Iqbal had been rounded up in the aftermath of 9/11, pled guilty to several charges, and after a term of imprisonment was sent back to his native Pakistan. He sued Attorney General Ashcroft and a bevy of other federal officials, claiming that he was mistreated in prison on account of his race or religion.
The trial court had found the complaint insufficient, the 2nd Circuit reversed that, and the Supreme Court reversed that. It's been accepted for years that in considering 12(B)(6) motions, the judge had to assume that all of the allegations of the complaint were true, but the Court held that rule applied only to factual allegations, not conclusory ones. Thus, Iqbal's claim that the feds had subjected him to harsh conditions solely on account of his race, and without any legitimate penological interest, could be ignored as being conclusory. And the factual allegations had to raise a "plausible inference" of discriminatory intent. That Iqbal alleged he was subjected to beatings was not sufficient; it did not "contain any factual allegation sufficient to plausibly suggest [the defendants'] discriminatory state of mind."

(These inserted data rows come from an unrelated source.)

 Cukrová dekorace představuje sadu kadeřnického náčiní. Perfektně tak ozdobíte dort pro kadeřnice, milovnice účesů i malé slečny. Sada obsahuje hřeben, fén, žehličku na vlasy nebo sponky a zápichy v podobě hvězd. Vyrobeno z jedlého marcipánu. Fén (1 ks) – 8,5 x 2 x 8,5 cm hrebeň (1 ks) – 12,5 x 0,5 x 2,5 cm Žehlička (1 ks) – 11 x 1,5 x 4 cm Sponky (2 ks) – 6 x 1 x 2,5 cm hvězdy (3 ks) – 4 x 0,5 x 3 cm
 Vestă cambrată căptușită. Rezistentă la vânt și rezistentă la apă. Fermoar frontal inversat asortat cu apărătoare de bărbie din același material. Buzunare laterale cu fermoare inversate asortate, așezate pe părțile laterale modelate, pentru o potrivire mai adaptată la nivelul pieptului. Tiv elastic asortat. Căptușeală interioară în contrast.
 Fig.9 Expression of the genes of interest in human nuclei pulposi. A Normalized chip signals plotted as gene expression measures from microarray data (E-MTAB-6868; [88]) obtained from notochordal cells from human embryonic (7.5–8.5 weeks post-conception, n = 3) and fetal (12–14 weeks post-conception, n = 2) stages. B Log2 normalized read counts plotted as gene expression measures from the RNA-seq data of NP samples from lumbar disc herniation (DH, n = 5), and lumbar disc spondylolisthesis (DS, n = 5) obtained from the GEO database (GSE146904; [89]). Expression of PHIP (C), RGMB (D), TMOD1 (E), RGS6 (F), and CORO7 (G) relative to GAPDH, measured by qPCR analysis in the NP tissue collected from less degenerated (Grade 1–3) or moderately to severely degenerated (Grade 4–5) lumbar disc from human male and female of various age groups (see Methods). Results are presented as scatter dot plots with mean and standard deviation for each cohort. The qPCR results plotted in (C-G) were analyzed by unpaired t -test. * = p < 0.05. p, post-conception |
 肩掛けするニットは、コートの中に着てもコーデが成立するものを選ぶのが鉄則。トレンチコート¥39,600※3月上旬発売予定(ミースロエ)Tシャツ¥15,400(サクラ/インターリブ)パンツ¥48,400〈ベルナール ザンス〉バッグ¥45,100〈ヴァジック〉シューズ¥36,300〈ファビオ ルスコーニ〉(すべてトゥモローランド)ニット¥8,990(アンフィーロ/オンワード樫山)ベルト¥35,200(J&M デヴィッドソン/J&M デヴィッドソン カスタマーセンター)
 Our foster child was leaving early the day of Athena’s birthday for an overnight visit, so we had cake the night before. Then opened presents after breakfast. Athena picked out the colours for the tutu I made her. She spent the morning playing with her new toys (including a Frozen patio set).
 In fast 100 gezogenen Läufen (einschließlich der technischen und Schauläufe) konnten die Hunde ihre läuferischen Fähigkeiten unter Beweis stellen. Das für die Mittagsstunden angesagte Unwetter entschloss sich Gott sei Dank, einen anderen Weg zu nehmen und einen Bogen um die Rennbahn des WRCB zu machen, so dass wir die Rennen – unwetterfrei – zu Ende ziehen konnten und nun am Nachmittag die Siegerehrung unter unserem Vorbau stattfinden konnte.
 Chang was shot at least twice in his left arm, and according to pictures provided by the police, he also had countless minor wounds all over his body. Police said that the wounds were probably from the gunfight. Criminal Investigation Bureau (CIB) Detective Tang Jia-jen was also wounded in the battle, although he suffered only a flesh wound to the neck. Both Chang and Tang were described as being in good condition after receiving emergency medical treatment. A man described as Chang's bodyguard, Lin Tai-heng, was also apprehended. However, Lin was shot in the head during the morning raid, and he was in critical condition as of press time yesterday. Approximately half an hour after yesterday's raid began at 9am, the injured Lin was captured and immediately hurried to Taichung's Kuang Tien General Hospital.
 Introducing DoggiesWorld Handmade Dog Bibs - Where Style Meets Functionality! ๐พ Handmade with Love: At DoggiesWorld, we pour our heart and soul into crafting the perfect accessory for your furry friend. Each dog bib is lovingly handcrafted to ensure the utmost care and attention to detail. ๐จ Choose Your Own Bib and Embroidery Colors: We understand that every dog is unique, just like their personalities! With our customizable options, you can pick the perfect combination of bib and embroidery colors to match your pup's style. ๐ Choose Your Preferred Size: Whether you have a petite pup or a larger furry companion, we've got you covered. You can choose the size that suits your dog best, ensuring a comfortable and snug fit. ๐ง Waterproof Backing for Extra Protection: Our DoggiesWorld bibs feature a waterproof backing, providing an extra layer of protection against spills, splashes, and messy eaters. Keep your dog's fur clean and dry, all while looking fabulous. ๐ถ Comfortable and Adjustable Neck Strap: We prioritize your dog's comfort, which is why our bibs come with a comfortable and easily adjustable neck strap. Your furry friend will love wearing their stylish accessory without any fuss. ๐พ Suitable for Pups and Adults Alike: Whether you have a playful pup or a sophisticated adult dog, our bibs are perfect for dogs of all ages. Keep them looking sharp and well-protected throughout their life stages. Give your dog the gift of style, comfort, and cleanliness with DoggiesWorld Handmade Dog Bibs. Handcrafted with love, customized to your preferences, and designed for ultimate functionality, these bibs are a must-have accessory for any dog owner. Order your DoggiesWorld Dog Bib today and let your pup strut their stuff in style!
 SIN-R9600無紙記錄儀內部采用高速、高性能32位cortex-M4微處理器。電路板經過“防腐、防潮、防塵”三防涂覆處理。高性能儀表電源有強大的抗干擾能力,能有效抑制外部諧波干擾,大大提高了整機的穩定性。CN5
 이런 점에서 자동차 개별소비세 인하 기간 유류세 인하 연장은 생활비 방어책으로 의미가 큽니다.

It's certainly a long way from sustaining a complaint unless there is "no conceivable set of facts" to support it, and requiring the pleading to set forth sufficient factual allegations to raise a "plausible inference" that the plaintiff is entitled to relief. In Iqbal's case, one wonders what the allegations necessary to sustain that burden might have been, short of Ashcroft publicly declaring an antipathy toward Arabs or Muslims.
In fact, although one might not feel much sympathy for Iqbal's plight, his situation is typical of complainants in discrimination cases. Oftentimes, an employer's discriminatory intent can only be surmised at the outset of the case, and it's not until discovery that the inference can be supported -- or refuted -- by hard data. Largely because of the impact of Twombly and Iqbal on civil rights cases, both the House and Senate are considering bills to overturn the decisions, most particularly HR 4115, enticingly titled the Open Access to Courts Act.
As with so much in life anymore, where one stands on all this depends largely upon one's political views. If you start from the position that most lawsuits are frivolous, then Twombly and Iqbal are a welcome protection for businesses that can be overwhelmed by the costs of litigation even when they successfully defend against it. Exhibit A would probably be the spinal bone screw debacle in the 1990's, when the plaintiffs' bar initiated mass litigation over the use of spinal bone screw devises in back surgeries. One Federal judge dismissed the lawsuit at the pleading stage based on the implausibility of the claim; another waved it forward, only to eventually dismiss it on summary judgment, after the defendants had spent several tens of millions of dollars defending the claims. On the other hand, as mentioned, many legitimate civil rights cases would probably never get past the pleading stage under the new standards.
Whatever one's views, the issue deserves serious debate. Ohio courts should be wary of citing Twombly and Iqbal without a full appreciation for how substantially they affect current rules practice.